Personal information
- Full name: David Christopher West
- Date of birth: 16 November 1964 (age 61)
- Place of birth: Dorchester, England
- Position: Striker

Senior career*
- Years: Team / Apps / (Gls)
- 19??–1983: Dorchester Town
- 1983–1985: Liverpool / 0 / (0)
- 1985–1986: Torquay United / 21 / (2)
- Cheltenham Town
- Dorchester Town
- Bashley
- Fareham Town

= David West (footballer) =

English footballer

David Christopher West (born 16 November 1964 in Dorchester) is an English former professional footballer.

West played for Westwey Dynamoes before joining Weymouth as a junior. He progressed to the youth set-up at Bournemouth before joining the youth system at Dorchester Town. He played for Dorchester YMCA and the England Under-18 team before graduating into Dorchester Town's first team.

He was signed by Bob Paisley for Liverpool in 1983 for a fee of £15,000. He played on a pre-season tour of the Netherlands, but had to settle for reserve team football in the Central League, although he did twice make the bench in the European Cup. Disillusioned with reserve team football he asked new Liverpool manager Joe Fagan if he could go out on loan. Fagan's response was to release him.

He had a trial with Bristol City before joining Torquay United in September 1985, making his debut on 14 September in a 3–0 Fourth Division defeat at home to Chester City. He played 21 times in Torquay's struggling side before being released after Torquay had finished bottom of the league at the end of the season. He had a trial with a Belgian league side and was offered a contract, but chose to drop into non-league football with Cheltenham Town.

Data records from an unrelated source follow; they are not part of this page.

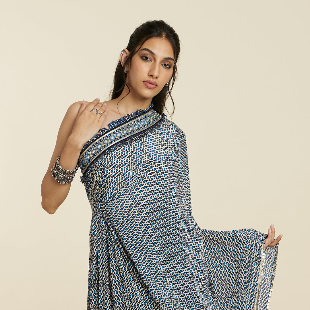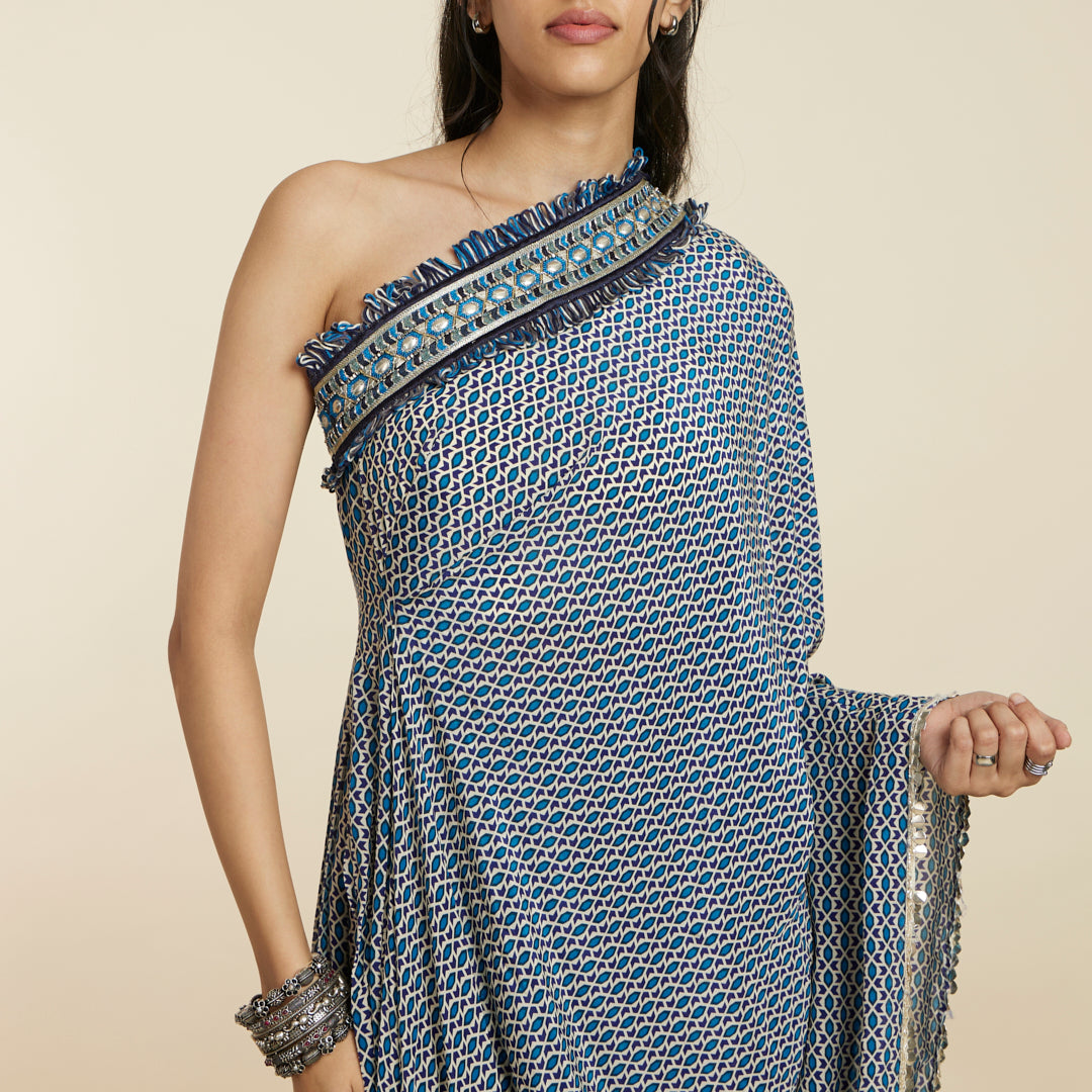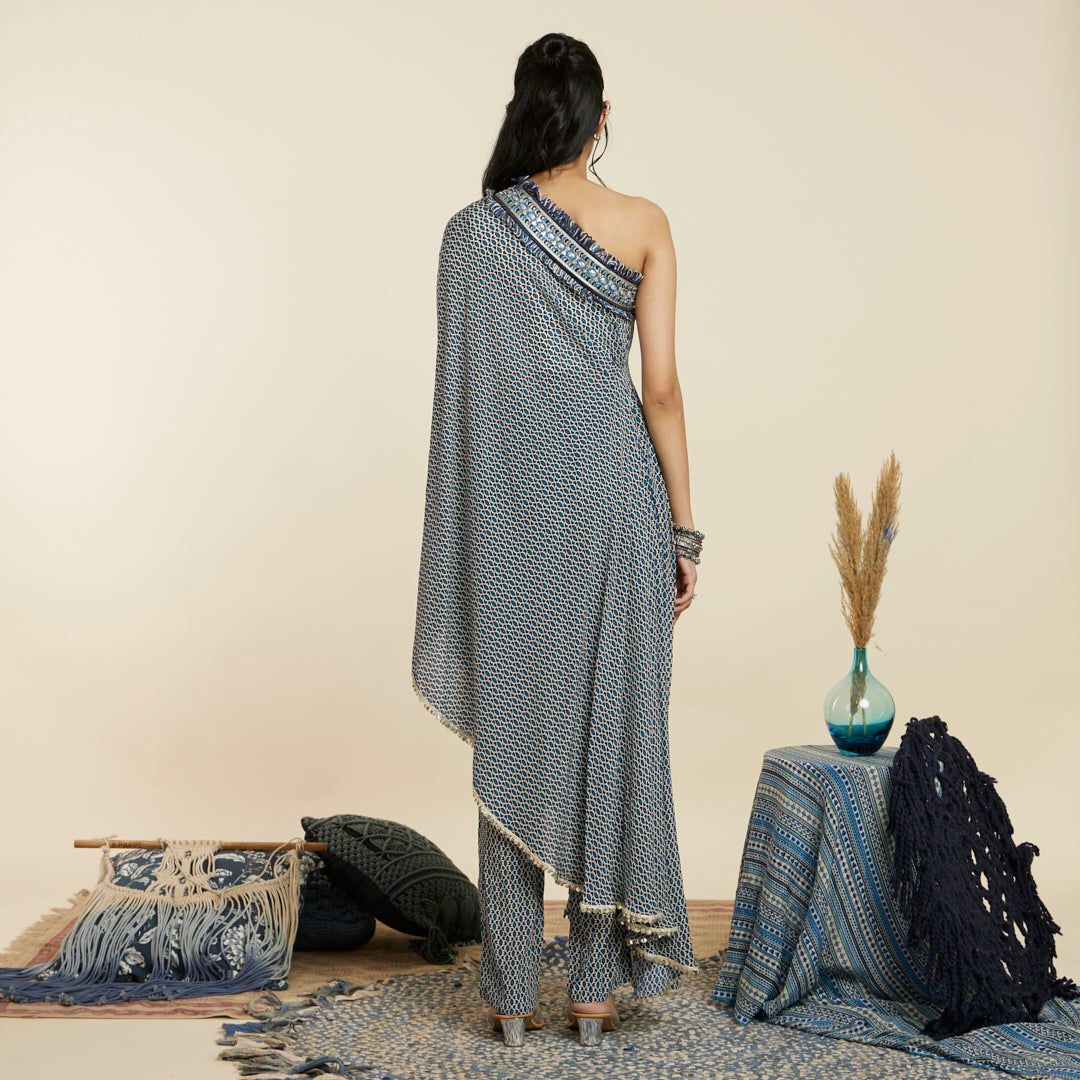 BLUE GEOMETRIC PRINT ONE SHOULDER SAREE WITH PANTS
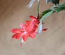 Christmas cactus, also known as orchid cactus, often blooms around Christmas time. There are a number of different cactus species sold as "Christmas cactus".
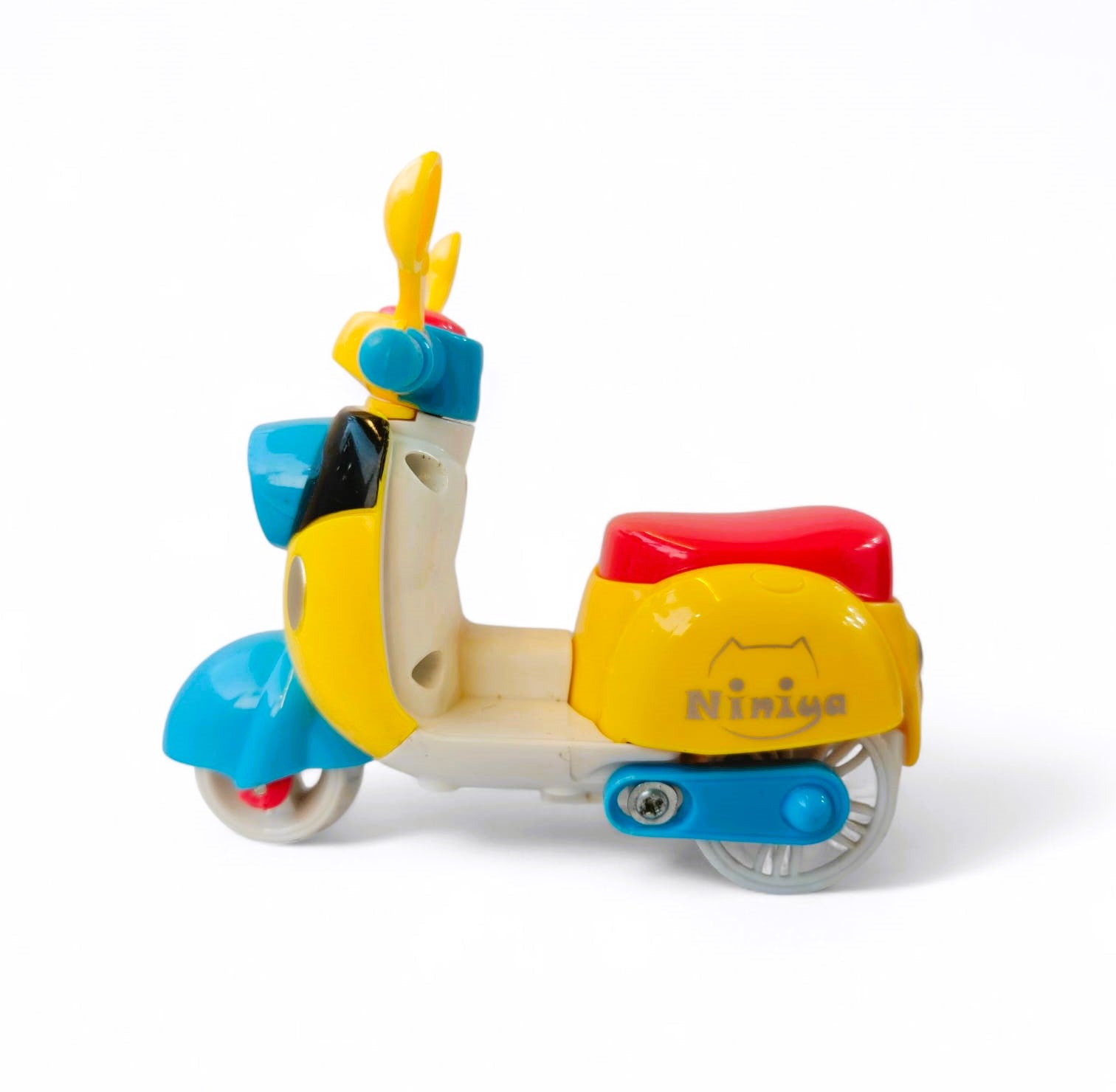 Vibrant Friction Scooters! Made with good quality plastic, these colorful scooters are perfect for kids! Each scooter comes in a fun color - blue, yellow, or red - with matching handlebars and cute details like a front "headlight." They're sturdy, playful, and sure to bring smiles!
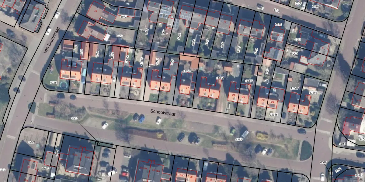 Het perceel waarop Schoolstraat 17 staat heeft een oppervlakte van 302 m². Dit is een groot perceel. De perceeloppervlakte wordt geregistreerd door het Kadaster. Gedetailleerde informatie over de maten van dit perceel kunt u vinden in het rapport Kadastrale kaart met maatvoering van Schoolstraat 17.
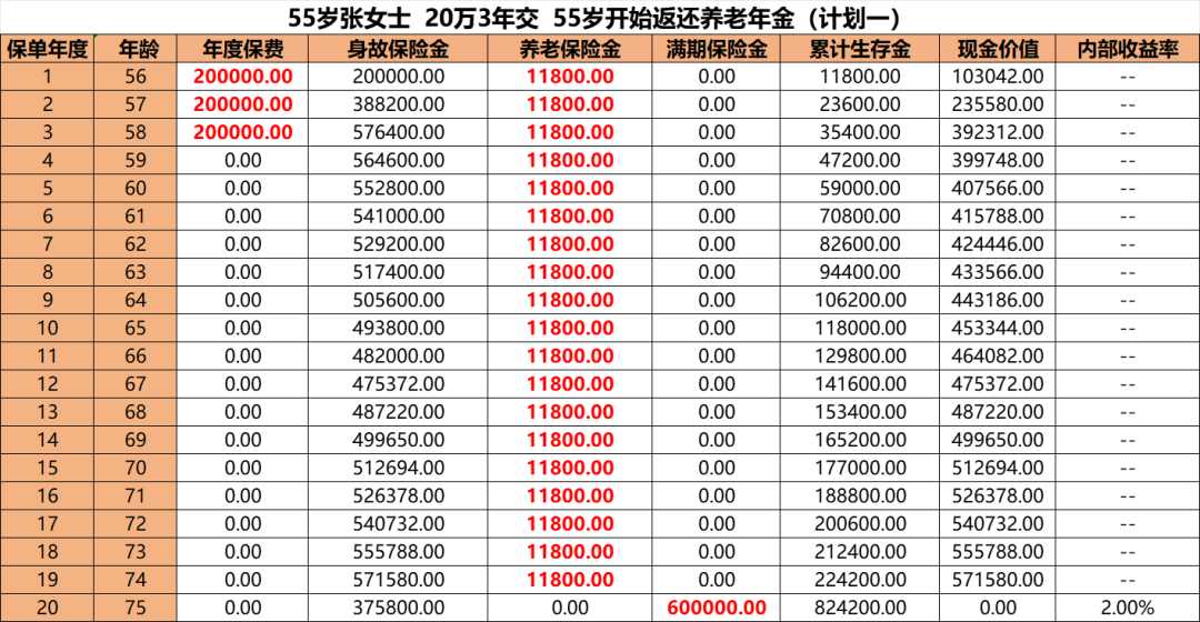 55岁开始投保当年即可每年返还11800元,返还至75周岁
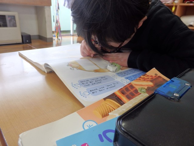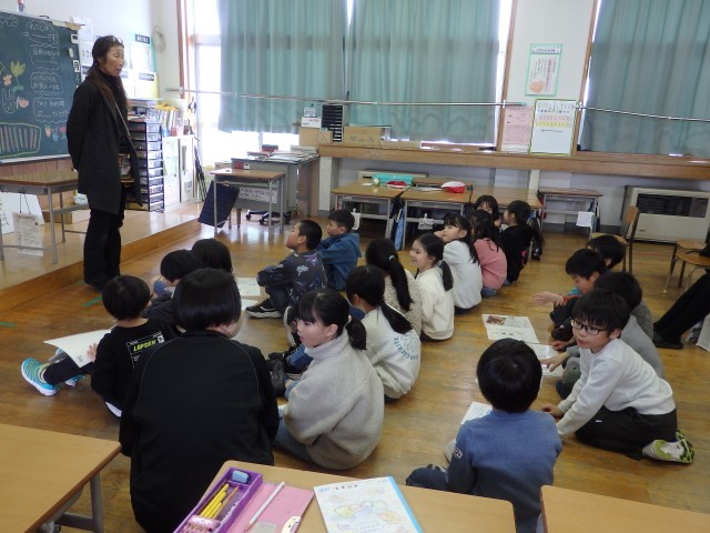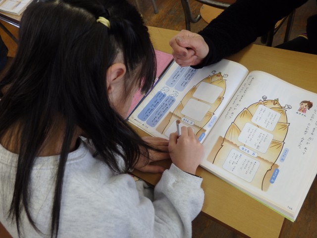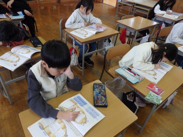 2年生の1時間目は国語の授業でした。「お手紙」という物語の学習です。まずは2,3人のグループになって丸読みをしました。その後、物語全体を4つの場面に分け、それぞれの場面がどういうお話なのかを読み取りました。友だちと協力して取り組んでいました。
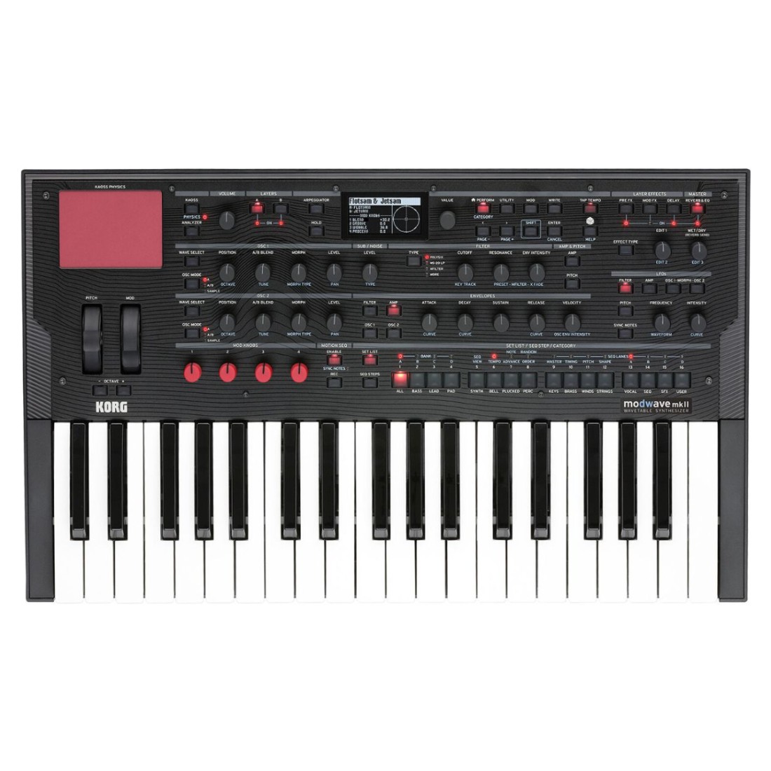 El Korg Modwave MkII es un sintetizador de tabla de ondas digital con un teclado de 37 teclas sensibles a la velocidad. Este sintetizador es capaz de producir una amplia gama de sonidos, desde el clásico analógico hasta el complejo digital. El Modwave MkII introduce la Física Kaoss, que transforma los gestos en texturas musicales intrincadas.
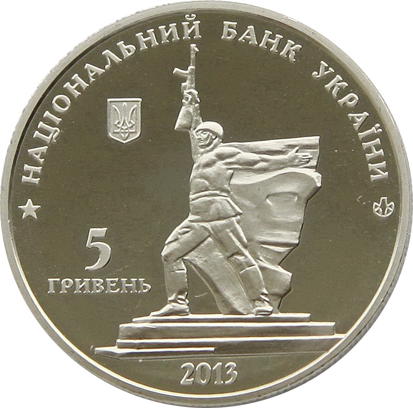 Описание: Зверху розміщено напівкруглий напис НАЦІОНАЛЬНИЙ БАНК УКРАЇНИ (Національний банк України) з малим гербом України під ним ліворуч; у центрі зображено пам'ятник воїну-визволителю, що прикрашає місто; під ним вказано рік випуску монети 2013; ліворуч — номінал монети: 5 ГРИВЕНЬ (5 гривень); праворуч — знак Монетного двору Національного банку України.
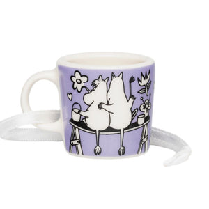 The 12-millilitre mugs are mini-sized reproductions of the beloved Moomin mugs. The minimug features Snorkmaiden and Moomintroll hugging. The two like to play and spend time together. But their relationship is also romantic. Moomin Arabia minimug Love purple. Comes in gift boxes. Material: vitroporcelain. Machine washable, oven and microwave-safe. Designed in Finland. Made in Thailand.

In December 1986, while driving home to Weymouth from Cheltenham, he was involved in a head-on collision with a milk tanker and suffered a number of injuries. On resuming his football career, he played for Dorchester Town, Bashley and Fareham Town before retiring at the age of just 27 years to concentrate on his new career as an estate agent. West is currently in employment with the estate agent chain Symonds And Sampson and works in the Poundbury branch.